“A southern woman should know how to fry a chicken!” Brina mocked her husband’s redneck drawl. Cliff would always deride her lack of homemaker-ness.
“You ain’t give me no kids yet, and now we got a buncha goddamn cats!?” he would say.
She leaned down with her body weight and put her palm on the back of the knife. With a slight resistance the knife eventually pushed through the bone with a gross pop, something Brina hated the one or two times she actually did break down a whole raw chicken. She scraped the meat and marrow across the cutting board. Brina stopped for a second and wiped her brow, leaving just a little viscera across her forehead. No matter. She sighed deeply and located her glass of wine. She took a large gulp, her eyes searching around the kitchen.

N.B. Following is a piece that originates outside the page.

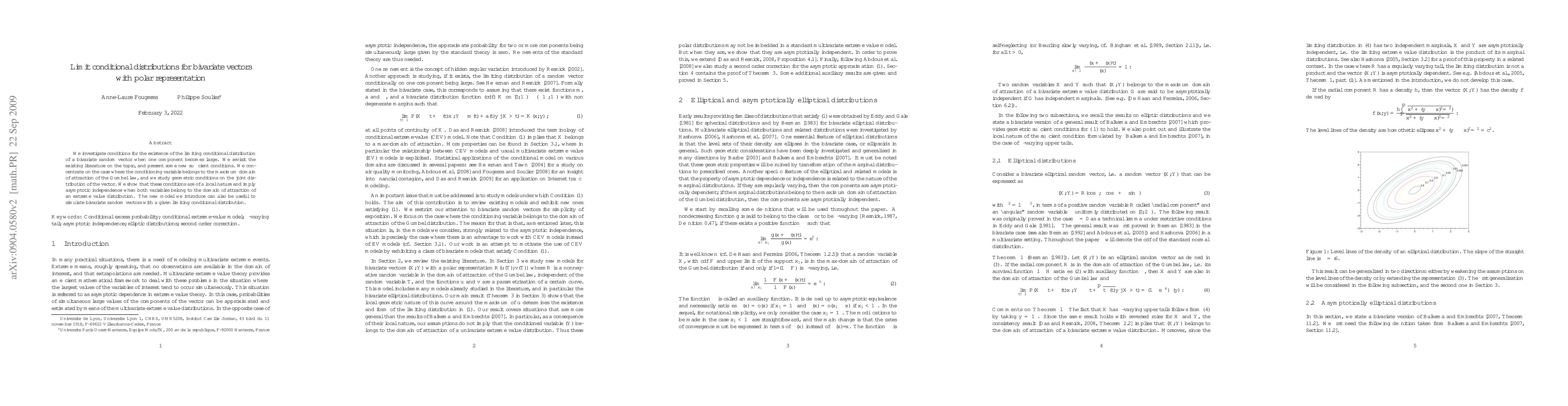 We investigate conditions for the existence of the limiting conditional distribution of a bivariate random vector when one component becomes large. We revisit the existing literature on the topic, and present some new sufficient conditions. We concentrate on the case where the conditioning variable belongs to the maximum domain of attraction of the Gumbel law, and we study geometric conditions on the joint distribution of the vector. We show that these conditions are of a local nature and imply asymptotic independence when both variables belong to the domain of attraction of an extreme value distribution. The new model we introduce can also be useful for simulations.

“There you are, my babies!” she said to her three cats. “Are you hungry? Are you starving? Did you miss your mommy?”
She grabbed a piece of the meat from the cutting board and dropped it in front of her oldest cat, Tobey. He nibbled at it delicately before chomping it down aggressively.
She went back to butchering the large slab of raw meat in front of her while continuing to mock her now ex-husband, this time deepening her voice to sound more like him, and chopping hard in between each sentence.
“Ain’t supposed to have this many cats.”
CHOP!
“Can’t save them all!”
SLASH!
“Get rid of them cats or get rid of ME!”
SPLAT!
She tossed another chunk of skin and fat on the floor, this time going to Garfield, a big, large, orange cat.
“And he actually did it! He took ya’ll away from me. Dumped you miles away, down at the marina. THAT was the last straw. When ya’ll found your way back to me, it was a miracle.” she said, gesturing in the air with her kitchen knife.
It was and it wasn’t. After a loud and violent fight, Brina had extracted the information from Cliff.
“Jesus, Breen, you really care about them more than me!? I dumped them at the marina. I hope to hell they’ve been run over or eaten or something,” he confessed with such spite in his voice.
She immediately searched for them. Garfield being Garfield never left the marina. He was found noodling through the dumpster, licking an empty can of vienna sausages. Tobey was found in a subdivision next to the marina. The friendly cat approached some children playing on their bikes. They took him home and their adults posted pictures on social media, looking for his owner. Brina saw the post within thirty minutes and was reunited after a short drive.
Tomcat, the long haired tuxedo, was gone the longest. God only knows what he got up to. He was found by Brina on their porch one morning, weeks after Cliff had dumped them. He was yowling, begging to be let in. Covered in ticks and hitchhikers, several pounds thinner, she was afraid he might’ve changed, become more feral. But as soon as she approached, he purred gently and calmly, nudging up against her legs like he had never left.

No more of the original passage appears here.